*Data to examine*
====

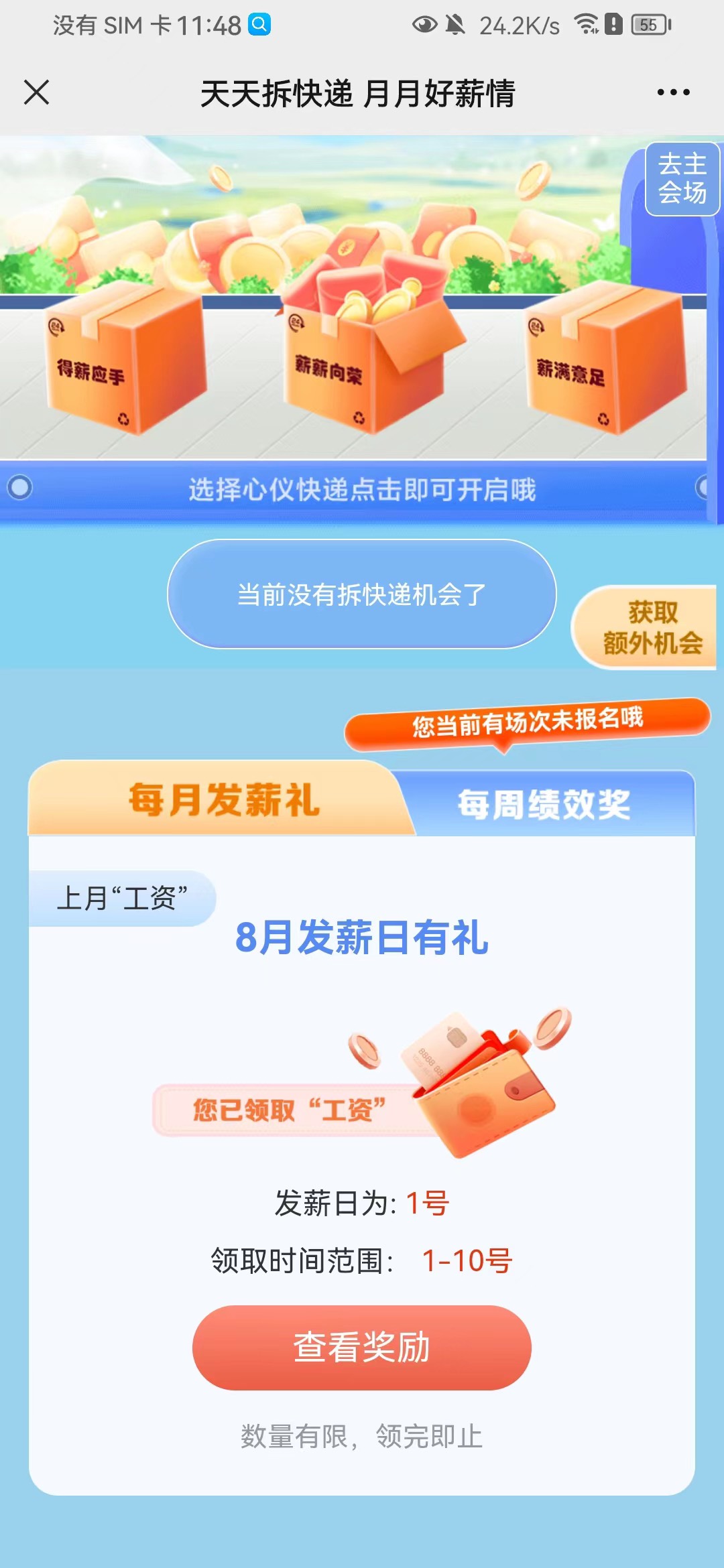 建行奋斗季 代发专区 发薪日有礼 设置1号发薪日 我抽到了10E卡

====

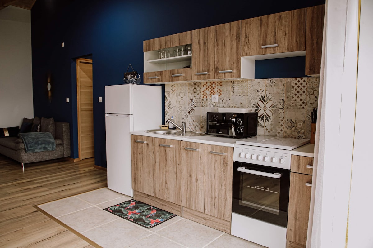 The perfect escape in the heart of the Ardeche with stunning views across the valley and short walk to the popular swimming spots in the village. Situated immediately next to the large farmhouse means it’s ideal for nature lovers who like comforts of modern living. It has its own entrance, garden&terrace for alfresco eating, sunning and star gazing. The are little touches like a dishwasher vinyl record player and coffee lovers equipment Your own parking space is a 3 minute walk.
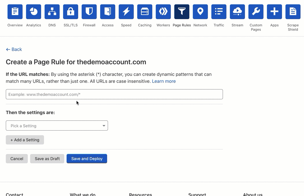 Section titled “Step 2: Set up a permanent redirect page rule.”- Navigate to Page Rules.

====

*Exercise brief*
Copy only these lines from the records above, exactly: the one with "The perfect escape", the one with "to Page Rules.", and those between. Skip the pictures.

*Response to this exercise*
 The perfect escape in the heart of the Ardeche with stunning views across the valley and short walk to the popular swimming spots in the village. Situated immediately next to the large farmhouse means it’s ideal for nature lovers who like comforts of modern living. It has its own entrance, garden&terrace for alfresco eating, sunning and star gazing. The are little touches like a dishwasher vinyl record player and coffee lovers equipment Your own parking space is a 3 minute walk.
 Section titled “Step 2: Set up a permanent redirect page rule.”- Navigate to Page Rules.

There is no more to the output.